# First Time Trial



## rivers (22 Jun 2018)

I entered my first club TT last night, and it was a friendly match-up with one of the other local clubs. 19.4mph average over a 9 mile course, not too bad for a first go and first day back on the bike after having a dodgy knee for most of the week. Plus, I wasn't anything resembling aero... I'll give it a go again at the next one in a couple of week's time and see if I can get above 20mph.


----------



## wisdom (22 Jun 2018)

I would be proud of that time.Well done.


----------



## Zipp2001 (27 Jan 2019)

Nice job for your first TT and not being aero. Back in the early 90's I was doing two different club TT a week and always love the race against the clock.


----------



## Sharky (25 Apr 2019)

How did it go last year and did you break evens?

I too love time trials. Never been fast, but always gives me an incentive to get the bike out on those cold days. 

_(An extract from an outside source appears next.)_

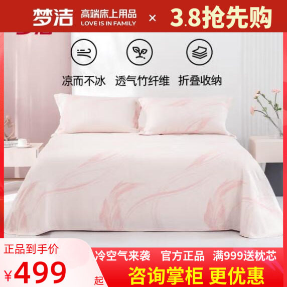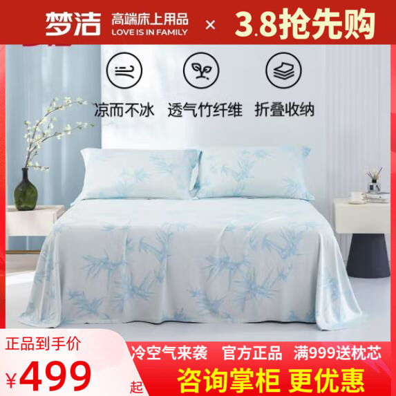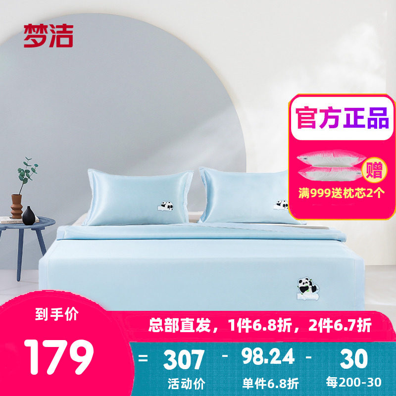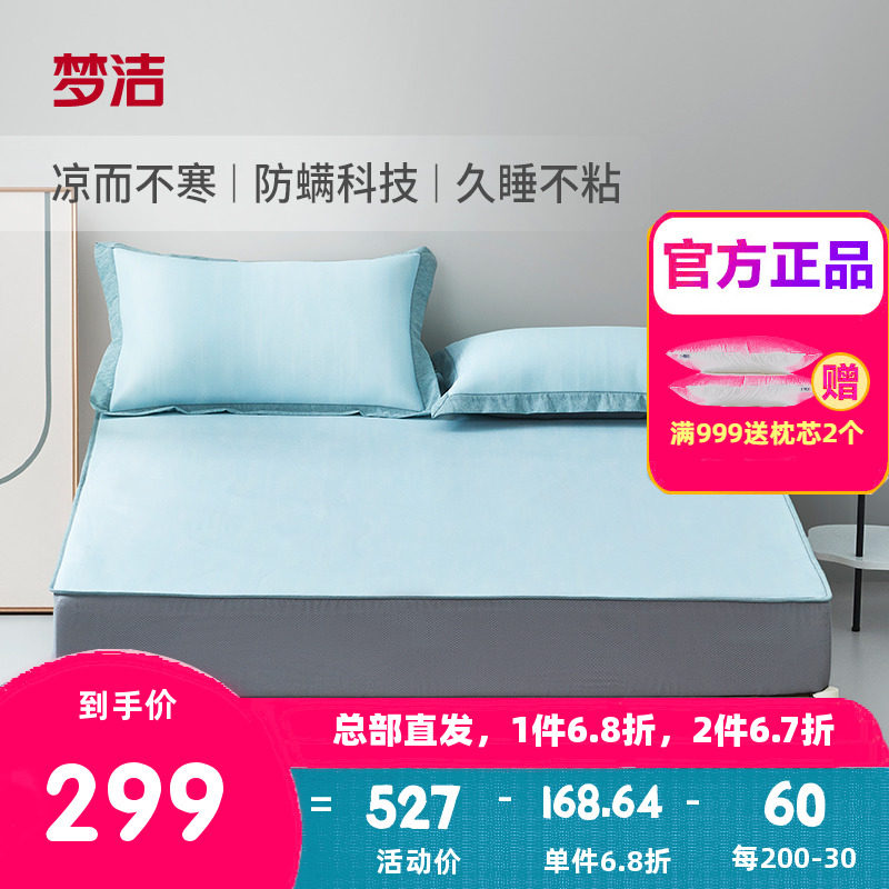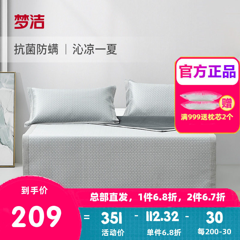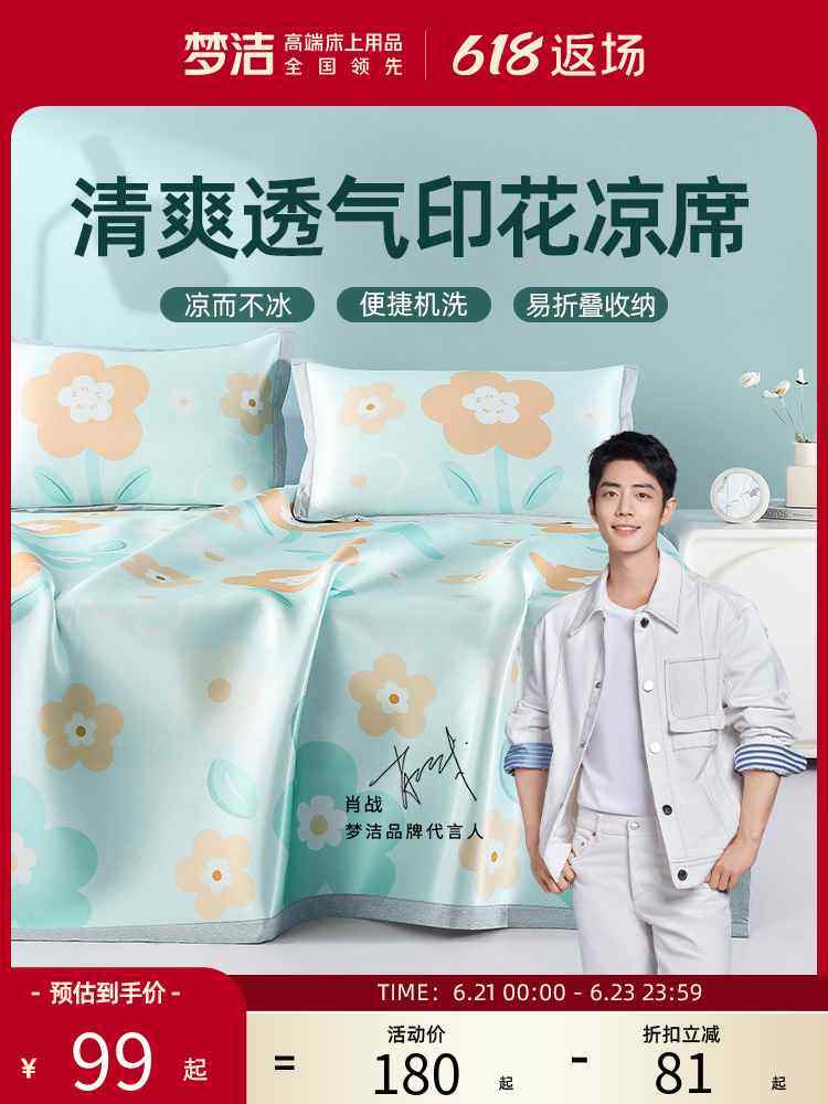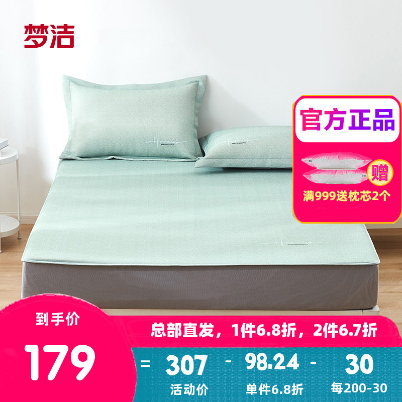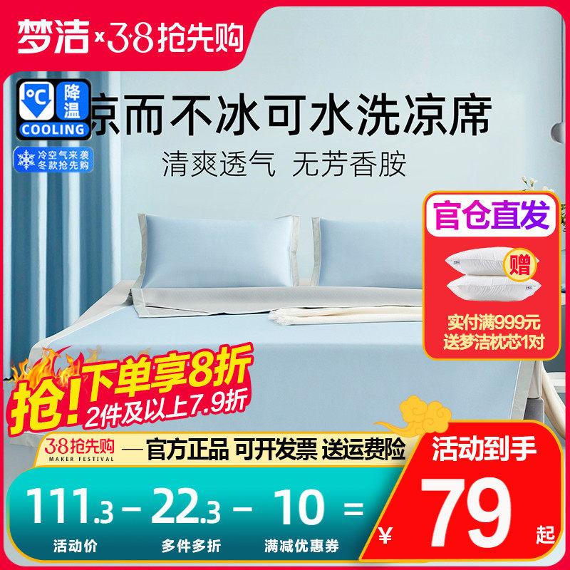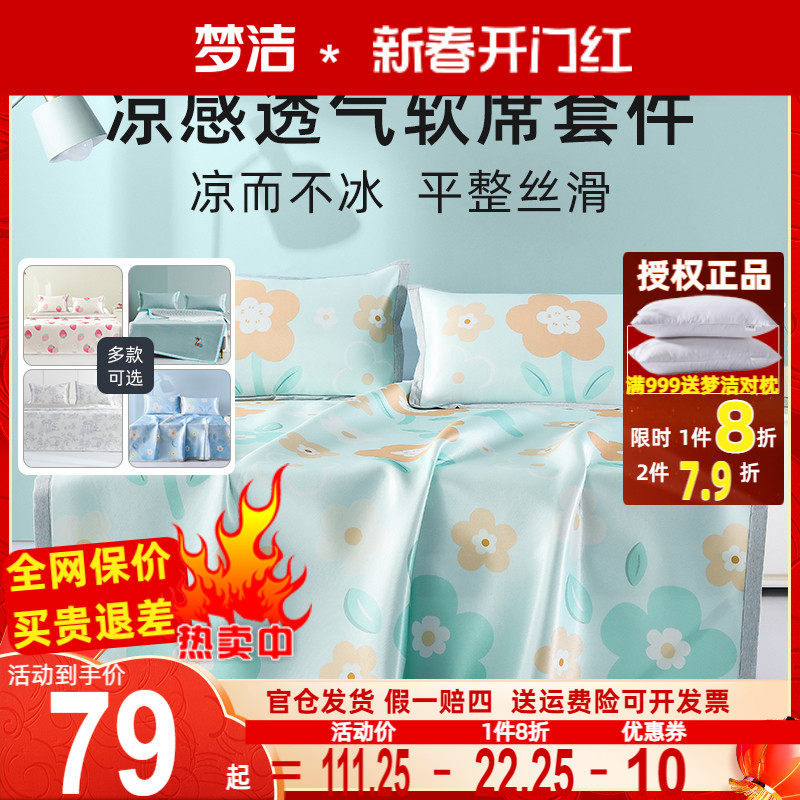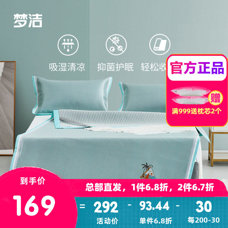 梦洁家纺官方旗舰店正品官网家纺冰丝席凉席可折叠1.8m床三件套

Have got to the start line this year?


----------



## rivers (25 Apr 2019)

Sharky said:


> How did it go last year and did you break evens?
> 
> I too love time trials. Never been fast, but always gives me an incentive to get the bike out on those cold days.
> 
> Have got to the start line this year?



I did a second TT later in the year (a 3 up), and our average was 19.9mph over 20 miles. Haven't made it to one yet this year due to not being available for the first 2 club TTs. Will endeavor to make the June TT (on holiday for the May TT)


----------



## Sharky (26 Apr 2019)

Have a good holiday and a good TT in June.
I am lucky that our clubs runs a weekly evening 10 series through the summer months, every Tuesday, so never have long to wait for the next one.


----------



## rivers (26 Jun 2019)

And 20.1 on the same course with a headwind. Also still recovering from Saturday's 208 mile ride across the country. I think I'm stronger than last year


----------



## rivers (2 Aug 2019)

And a new PB. 21.0mph, 23:45. It was a fast night last night


----------